• **What you will do**
Starting from the line with "Anaya Designer Studio", please copy exactly every line to the end of the listing, but not the pictures.

---- Extracted data

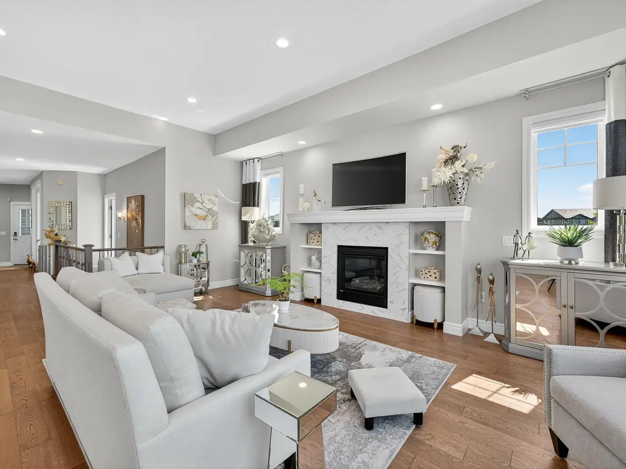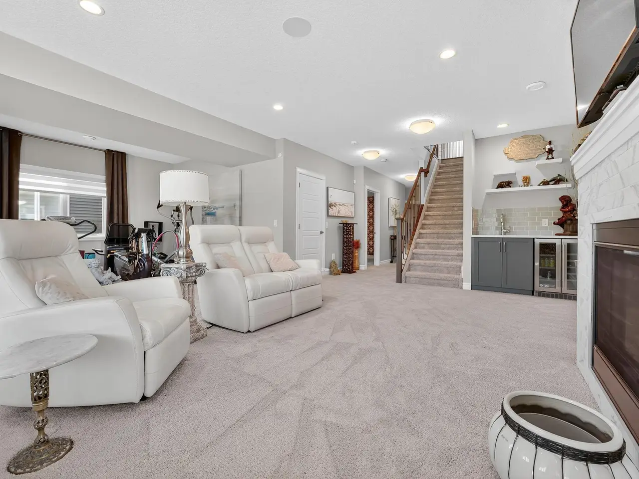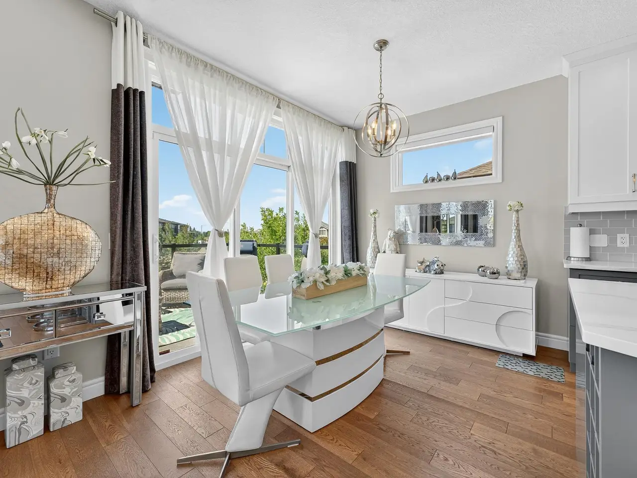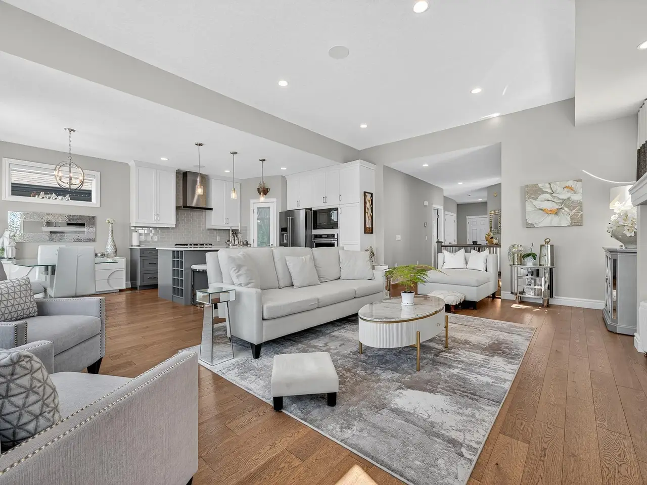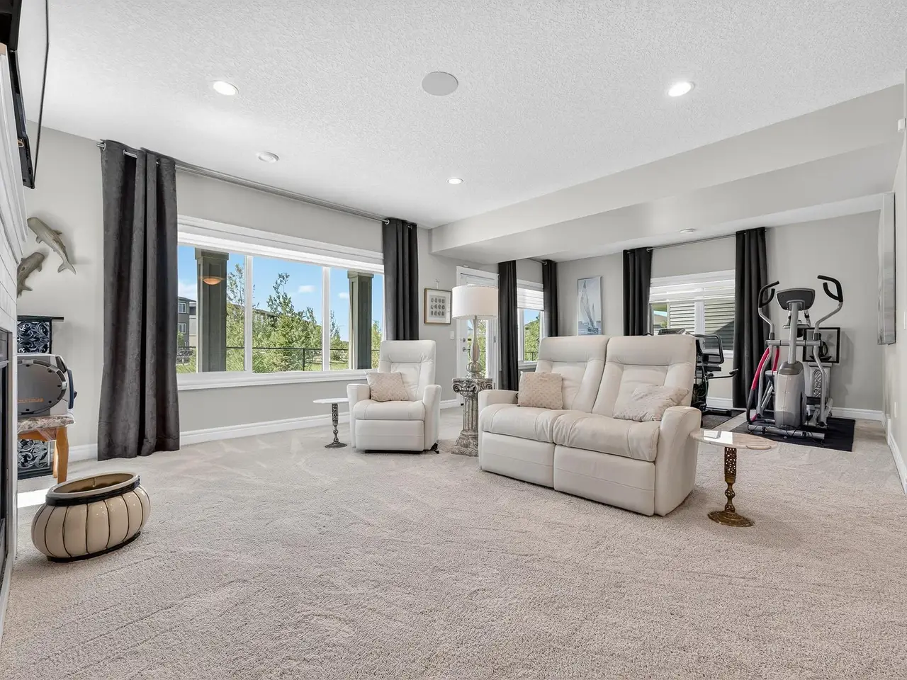 Experience elevated living in this exquisite former showhome in the Vistas at Orchards—a rare walkout bungalow offering 2,600+sqft of designer-crafted space with private southwest exposure backing a scenic walking path. From the soaring entry to the rich engineered hardwood flooring, iron railings, and expansive triple-pane windows, every detail exudes sophistication. The chef-inspired kitchen features floor-to-ceiling cabinetry, quartz counters, and high-end built-in appliances. Relax by one of 2 elegant fireplaces or step onto the sun-drenched deck with glass railings. The luxurious primary suite offers a spa-like 5-pc ensuite and walk-in closet. The finished walkout basement includes 2 bedrooms, second den, rec room, bar area, and a full-width concrete patio. Complete w/Bose built-in speakers, air conditioning, custom drapes, heated double garage, and maintenance-free living. Enjoy exclusive access to trails, schools, parks & easy connectivity to shops and major routes to the city.
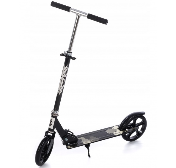 Koloběžka je opatřena několika bezpečnostními a ochrannými prvky jako jsou např. Široký a dlouhý nášlap je pokrytý protiskluzovým gripem zajišťujícím správnou přilnavost boty, protiskluzové pěnové rukojeti řídítek.
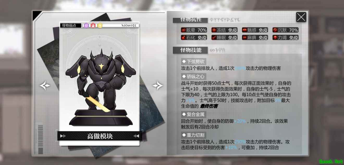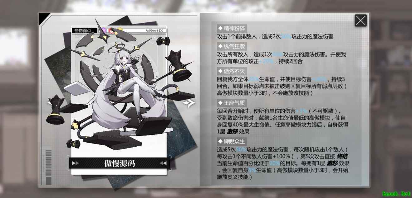 高傲模块不死,傲慢源码则不会死亡,高傲模块大于2时傲慢源码会群体回血和恢复弱点层数,小于3则会高频率释放奥义【睥睨众生】,还可以斩杀血量低于20%的人偶,同时还会恢复自身生命值,没有【嘲讽】的话,相当难扛住。
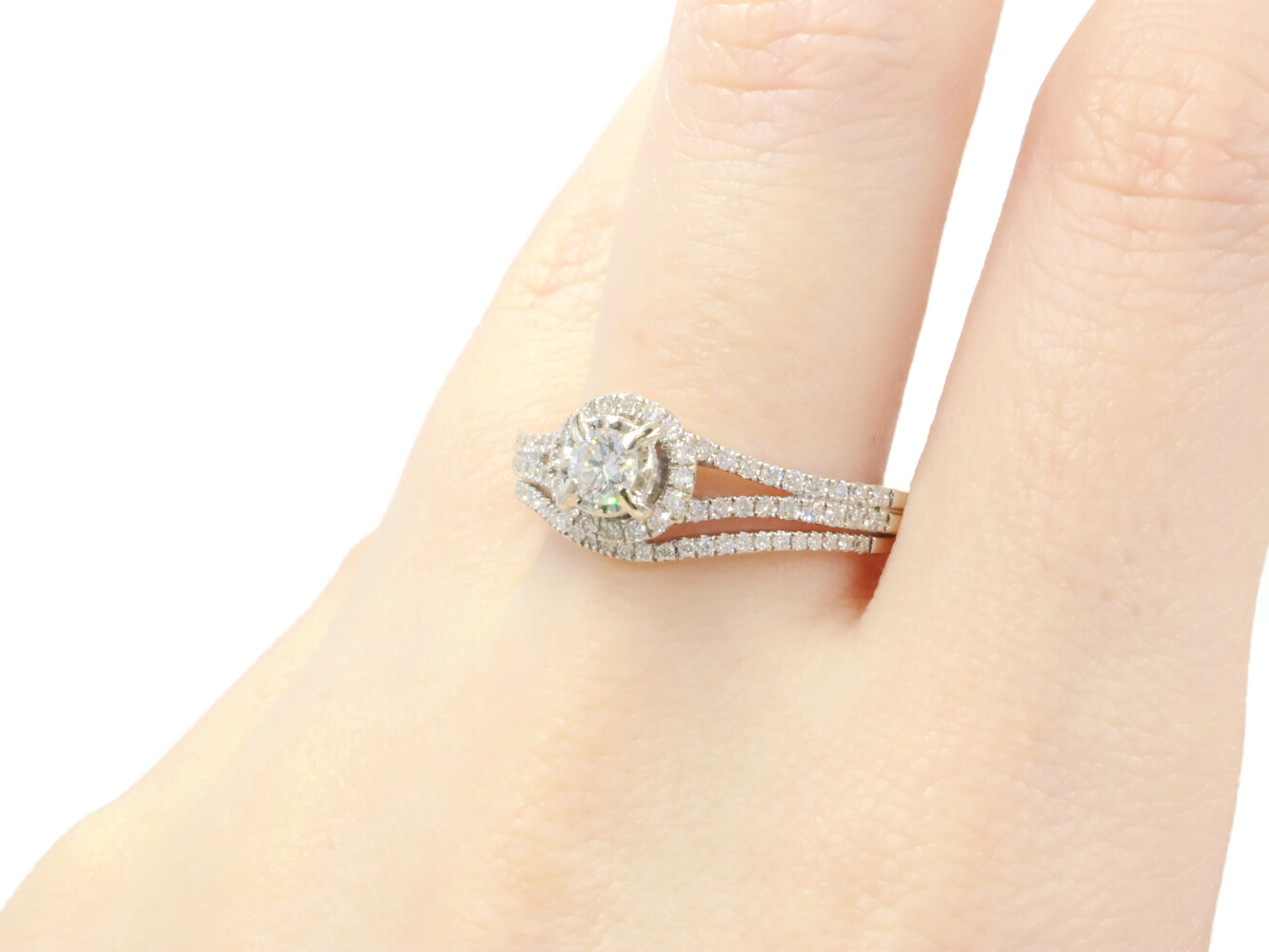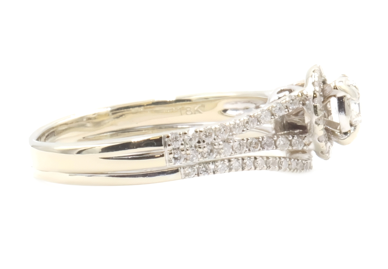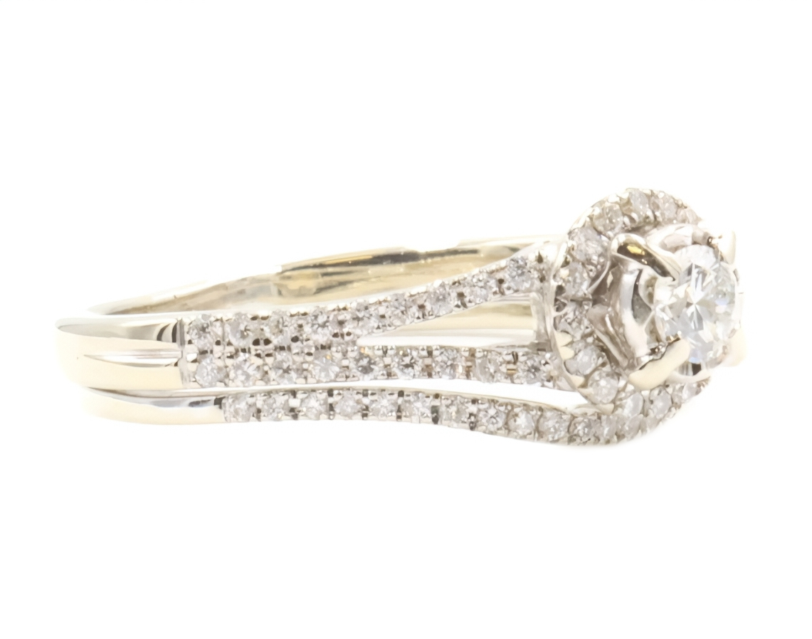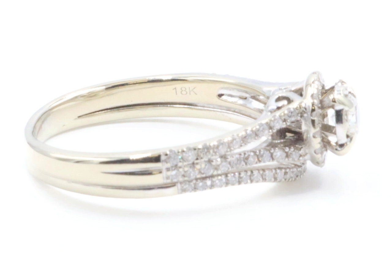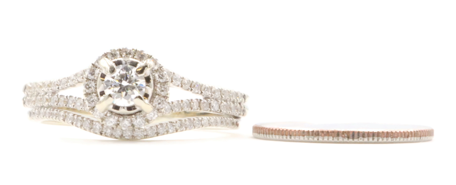 0.85 ctw Round Diamond Halo 18KT & 14KT White Gold Women's Wedding Ring Set. The engagement ring is 18KT white gold and the band ring is 14KT white gold. This ring is a size 9.
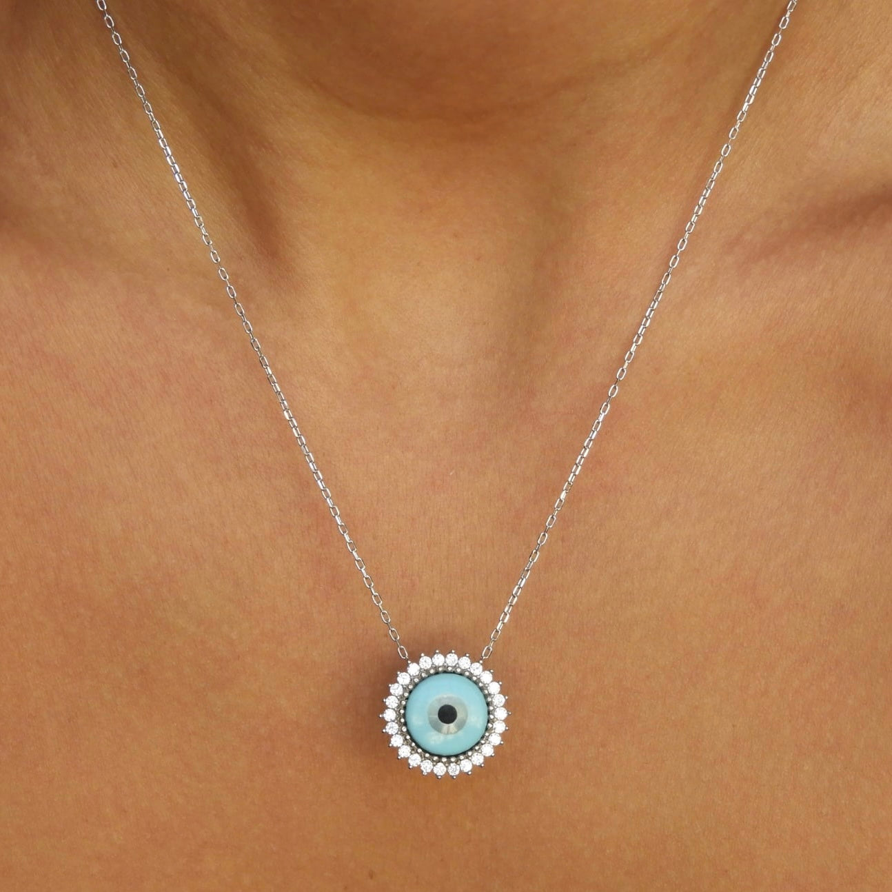 Gorgeous 925 Sterling Silver Evil Eye necklace with cubic zirconia.
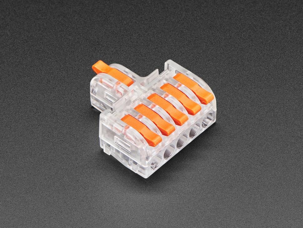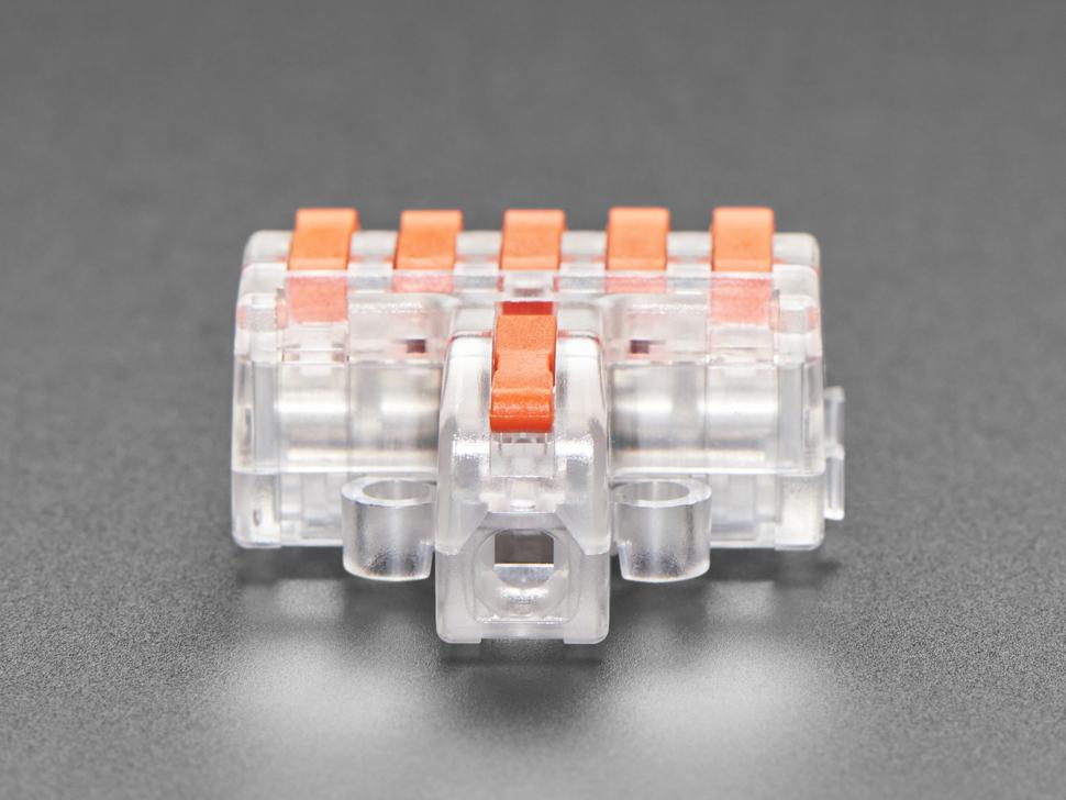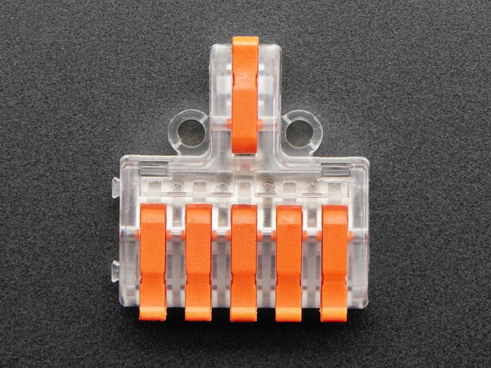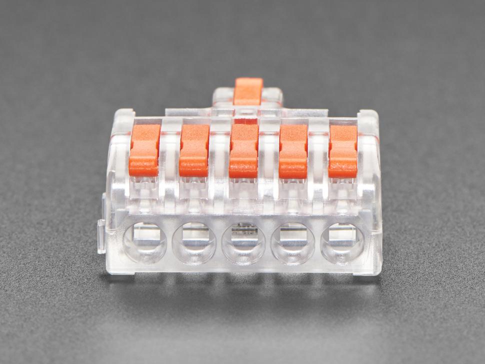 Elk blok heeft één input en vijf outputs, wat het ideaal maakt voor eenvoudig vermogen of signaalfan-outs. Gebruik ze om elk signaal of elke voedingslijn die je wilt uitbreiden over meerdere aansluitingen te beheren. Binnenin zit een metalen blok en hendeltjes die open en dicht klikken, die zowel gestrande als solide draden van 12 AWG tot 24 AWG aankunnen, waardoor je geen schroevendraaiers of krimptangen nodig hebt.
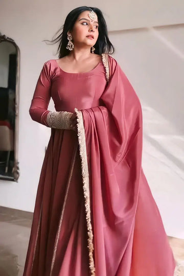 Anaya Designer Studio New Modern Dusty Pink Gown For Raksha Bandhan 2023 That Comes With Chinon Silk Design.
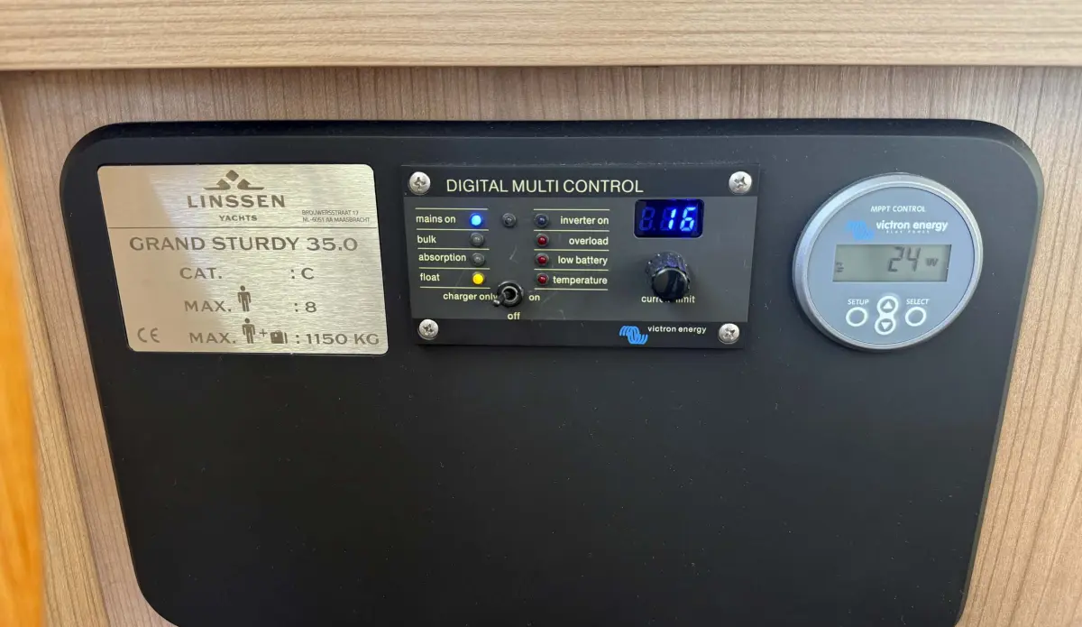 - Automatic battery charger/inverter type Victron Multiplus Compact 12/1600-70 (70A/1600W) with remote control panel. Peak power 3000W.

--------

• **Task answer**
 Anaya Designer Studio New Modern Dusty Pink Gown For Raksha Bandhan 2023 That Comes With Chinon Silk Design.
 - Automatic battery charger/inverter type Victron Multiplus Compact 12/1600-70 (70A/1600W) with remote control panel. Peak power 3000W.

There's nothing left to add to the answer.